# Your objective
Without the pictures, give every record again exactly.

# Data to use
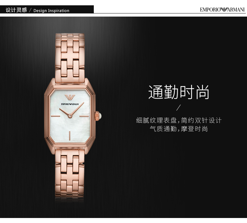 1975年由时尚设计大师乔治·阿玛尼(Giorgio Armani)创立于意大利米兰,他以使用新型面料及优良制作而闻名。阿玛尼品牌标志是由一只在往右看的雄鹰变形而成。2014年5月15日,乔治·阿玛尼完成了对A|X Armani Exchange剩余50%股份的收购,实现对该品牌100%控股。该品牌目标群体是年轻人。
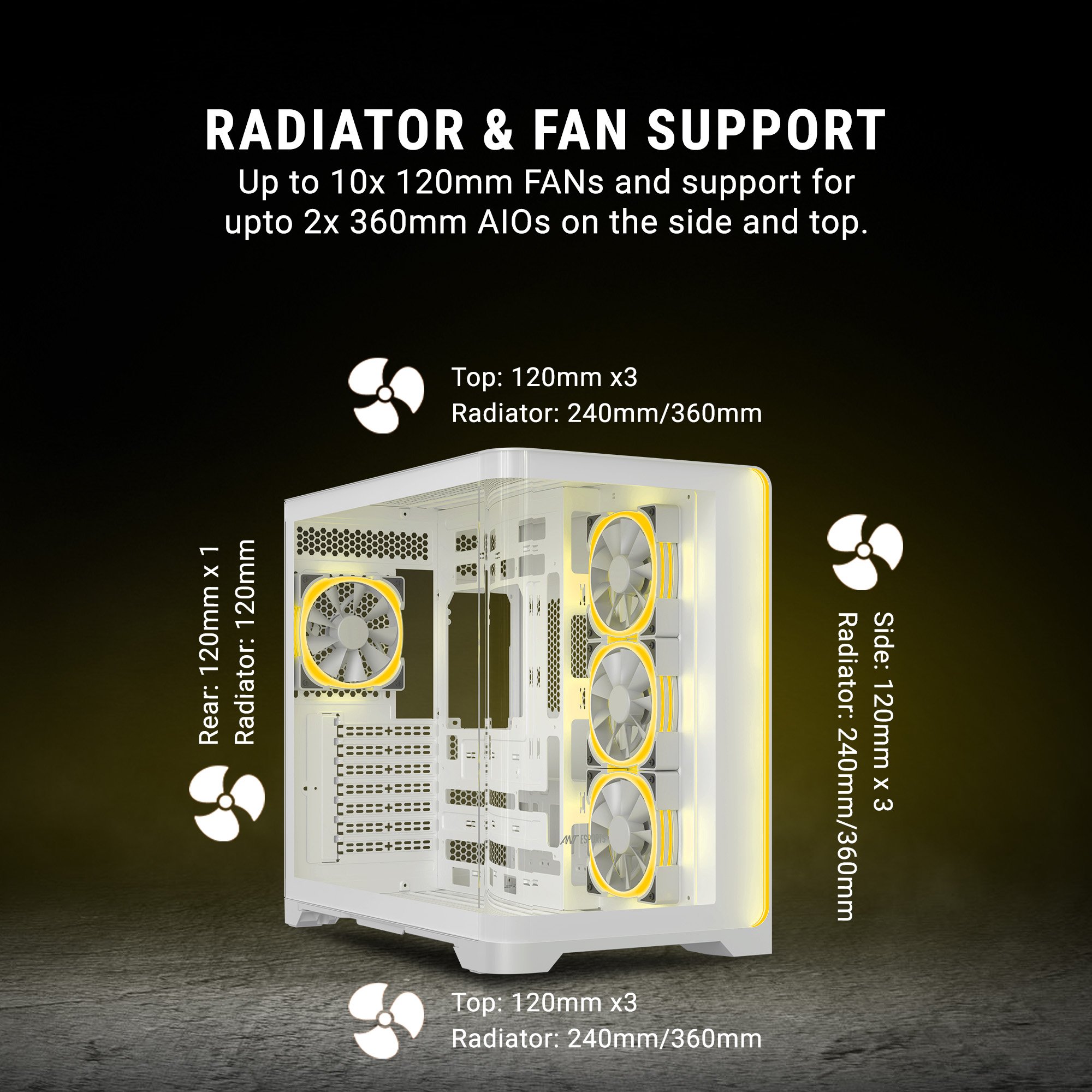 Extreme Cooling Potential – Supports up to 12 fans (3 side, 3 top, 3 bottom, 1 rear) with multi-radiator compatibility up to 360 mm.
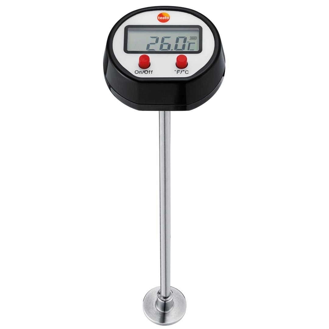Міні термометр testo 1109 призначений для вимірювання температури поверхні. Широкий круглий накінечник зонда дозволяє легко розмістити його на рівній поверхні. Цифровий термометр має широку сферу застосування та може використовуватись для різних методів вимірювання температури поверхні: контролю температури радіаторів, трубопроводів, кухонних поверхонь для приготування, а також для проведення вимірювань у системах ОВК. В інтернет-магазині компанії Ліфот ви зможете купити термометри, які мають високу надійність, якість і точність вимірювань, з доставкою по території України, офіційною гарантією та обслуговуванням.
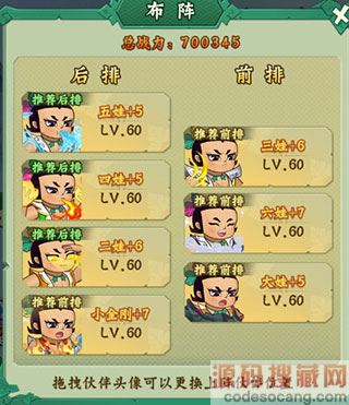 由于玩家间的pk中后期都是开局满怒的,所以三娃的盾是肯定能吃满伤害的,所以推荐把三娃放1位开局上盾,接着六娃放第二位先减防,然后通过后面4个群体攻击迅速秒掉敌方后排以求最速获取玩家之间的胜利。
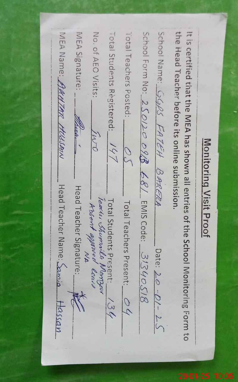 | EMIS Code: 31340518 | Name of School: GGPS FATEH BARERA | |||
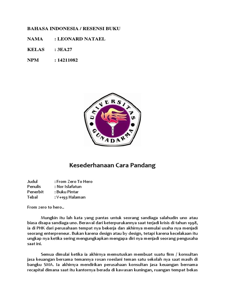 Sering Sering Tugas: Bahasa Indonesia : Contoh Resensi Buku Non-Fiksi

# Exercise result
 1975年由时尚设计大师乔治·阿玛尼(Giorgio Armani)创立于意大利米兰,他以使用新型面料及优良制作而闻名。阿玛尼品牌标志是由一只在往右看的雄鹰变形而成。2014年5月15日,乔治·阿玛尼完成了对A|X Armani Exchange剩余50%股份的收购,实现对该品牌100%控股。该品牌目标群体是年轻人。
 Extreme Cooling Potential – Supports up to 12 fans (3 side, 3 top, 3 bottom, 1 rear) with multi-radiator compatibility up to 360 mm.
Міні термометр testo 1109 призначений для вимірювання температури поверхні. Широкий круглий накінечник зонда дозволяє легко розмістити його на рівній поверхні. Цифровий термометр має широку сферу застосування та може використовуватись для різних методів вимірювання температури поверхні: контролю температури радіаторів, трубопроводів, кухонних поверхонь для приготування, а також для проведення вимірювань у системах ОВК. В інтернет-магазині компанії Ліфот ви зможете купити термометри, які мають високу надійність, якість і точність вимірювань, з доставкою по території України, офіційною гарантією та обслуговуванням.
 由于玩家间的pk中后期都是开局满怒的,所以三娃的盾是肯定能吃满伤害的,所以推荐把三娃放1位开局上盾,接着六娃放第二位先减防,然后通过后面4个群体攻击迅速秒掉敌方后排以求最速获取玩家之间的胜利。
 | EMIS Code: 31340518 | Name of School: GGPS FATEH BARERA | |||
 Sering Sering Tugas: Bahasa Indonesia : Contoh Resensi Buku Non-Fiksi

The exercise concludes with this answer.